Poi mi rifugiai a casa mia, sotto le coperte di lana, al riparo di un'improbabile
blitzkrieg.
* * *
Due anni fa, io e mia moglie Alessandra siamo andati in Venezuela in
visita a certi suoi parenti che sono immigrati lì in passato
mettendo su una prospera industria di scarpe. Vivono fuori Caracas,
in un quartiere molto bello e molto tranquillo, pieno di verde, con
la catena di montagne sullo sfondo. Lì, una mattina, mi sono
svegliato inquieto, un po' stordito. Ho guardato fisso il volto di Alessandra,
spaventata da morire, come se non la conoscessi, come se non l'avessi
mai vista prima.
Il mio disorientamento è durato un minuto, o forse meno, ma allo
stesso tempo è durato un lungo pezzo di una vita intera.
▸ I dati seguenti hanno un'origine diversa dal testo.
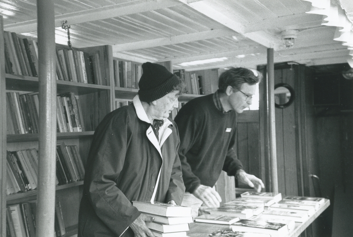 Interiör. Bokbåten Gurli. Bibliotekarie och låntagare.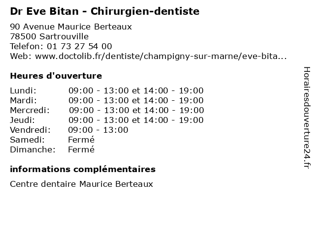| Lundi | 09:00-13:00 et 14:00-19:00 |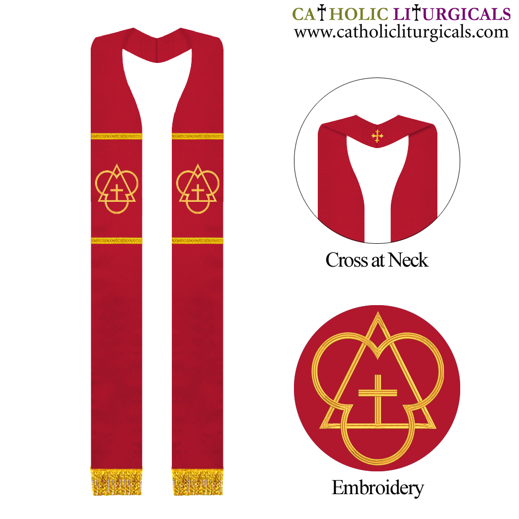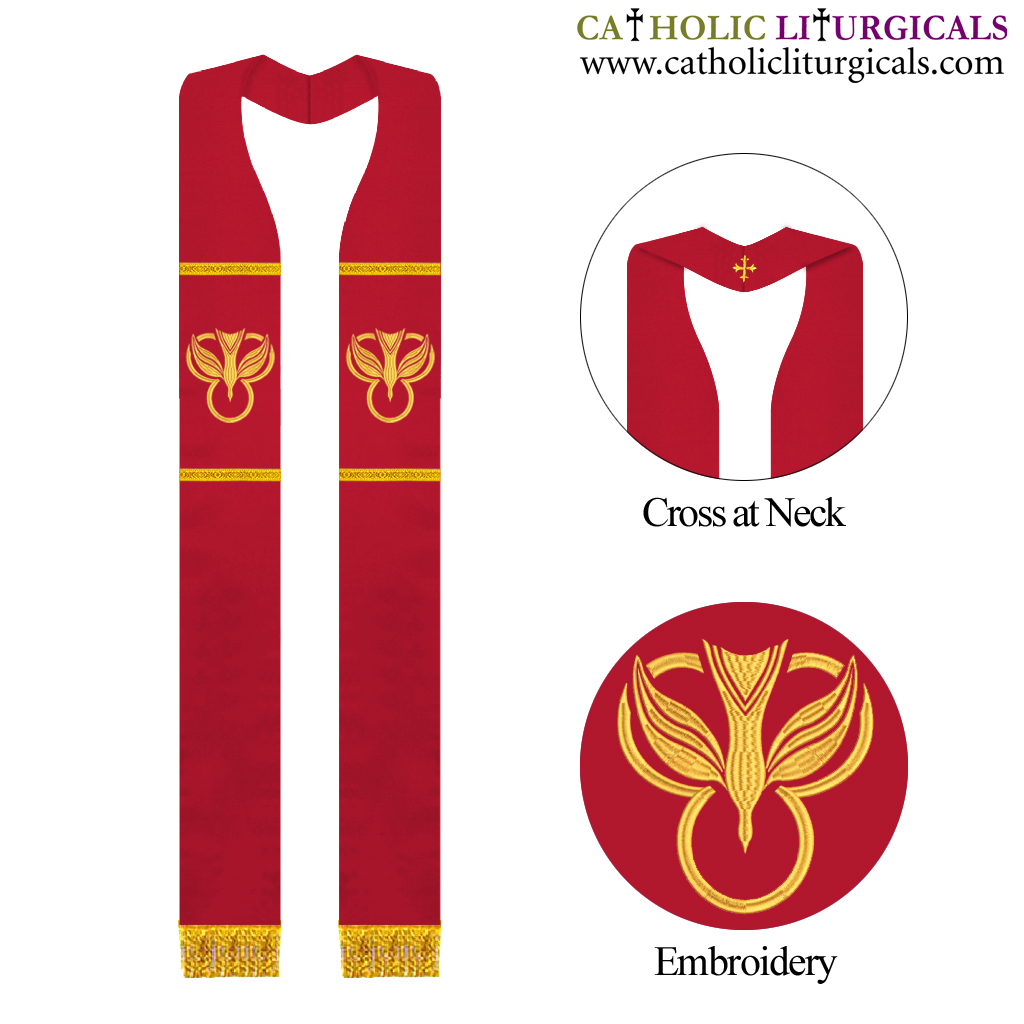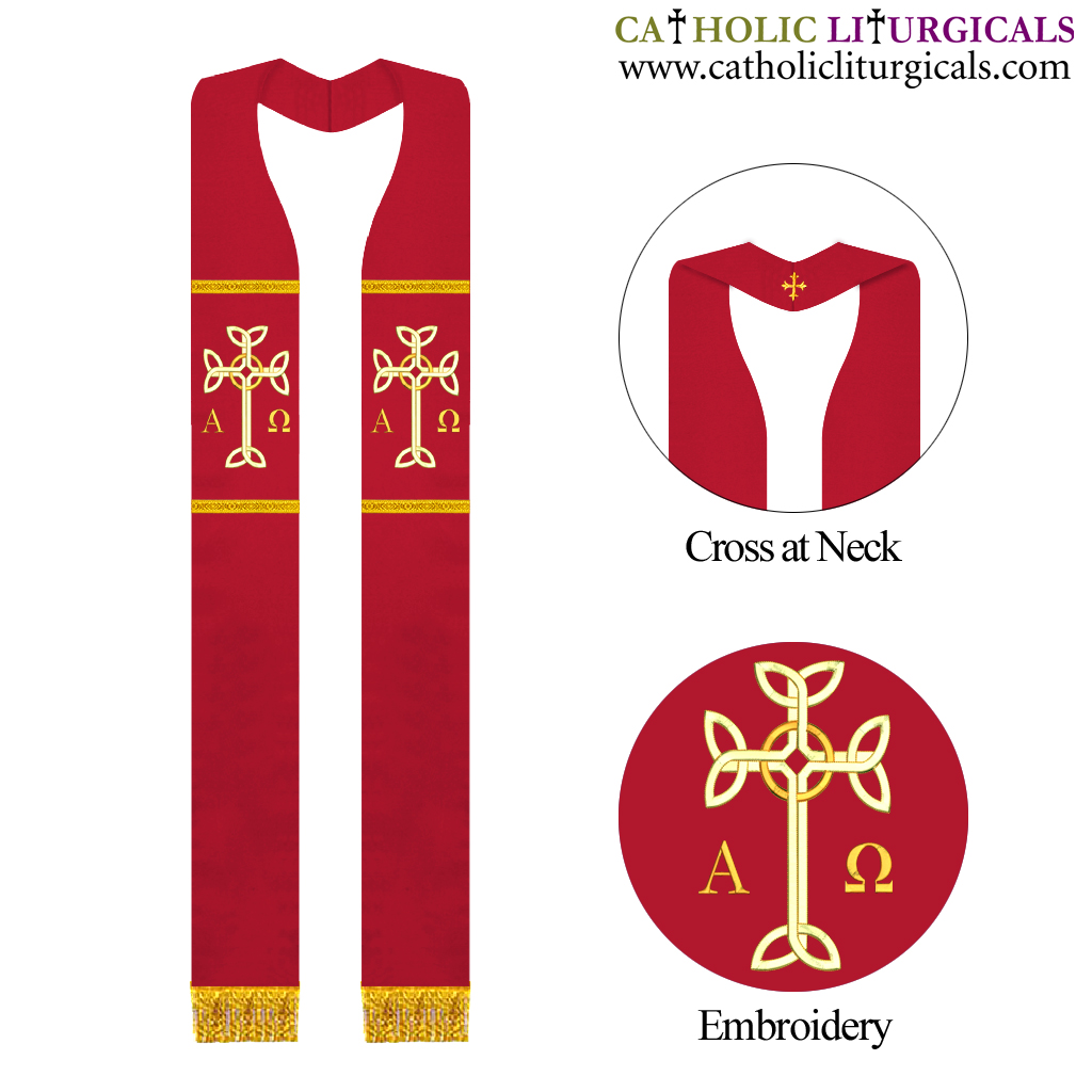 Red Priest Overlay Stole - Cross and Wheat Embroidery
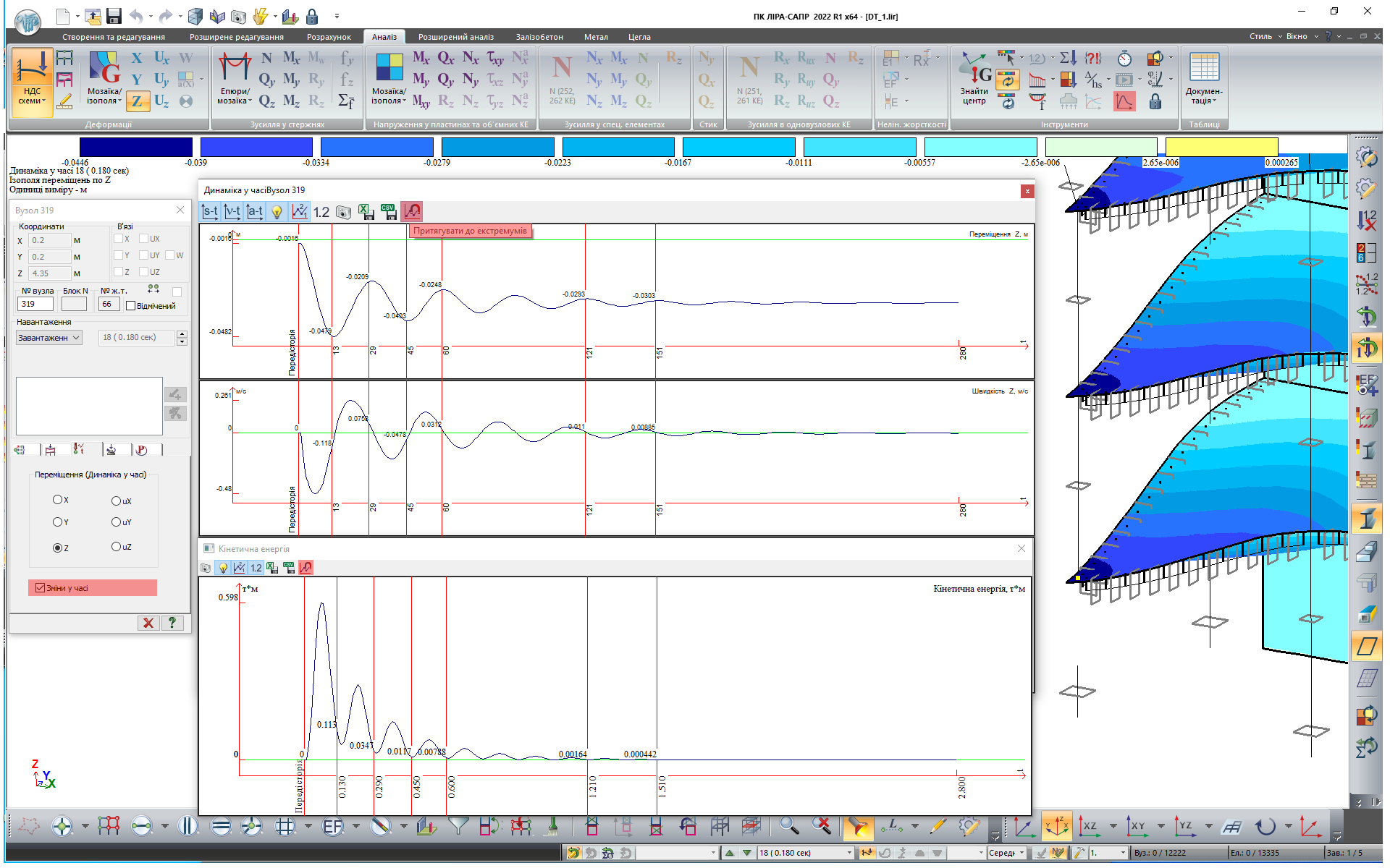 Отже після розрахунку ми маємо результати НДС для кожного моменту часу. Що дозволяє побудувати анімації поведінки конструкцій при динамічному впливі.
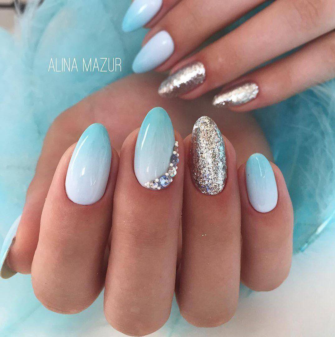 Эффектный и привлекающий внимание дизайн – омбре или градиент в светлых оттенках, который просто великолепно смотрится на миндалевидной форме ногтей

La nostra stanza era oscurata da tende color paglia, ma il sole tropicale
le penetrava con fini raggi e dipingeva di strisce la costosa carta
da parati. Il profumo nell'aria era quello del gelsomino e del pulito.
E si udiva sul fondo, tra gli schizzi dello zampillo che annaffiavano
il prato, il cinguettio di un Ben Tivì nascosto tra i rami di
un albero vicino.
Ogni sua nota un morso di passione e di paura.
Troppo corta la vita per una giornata come quella.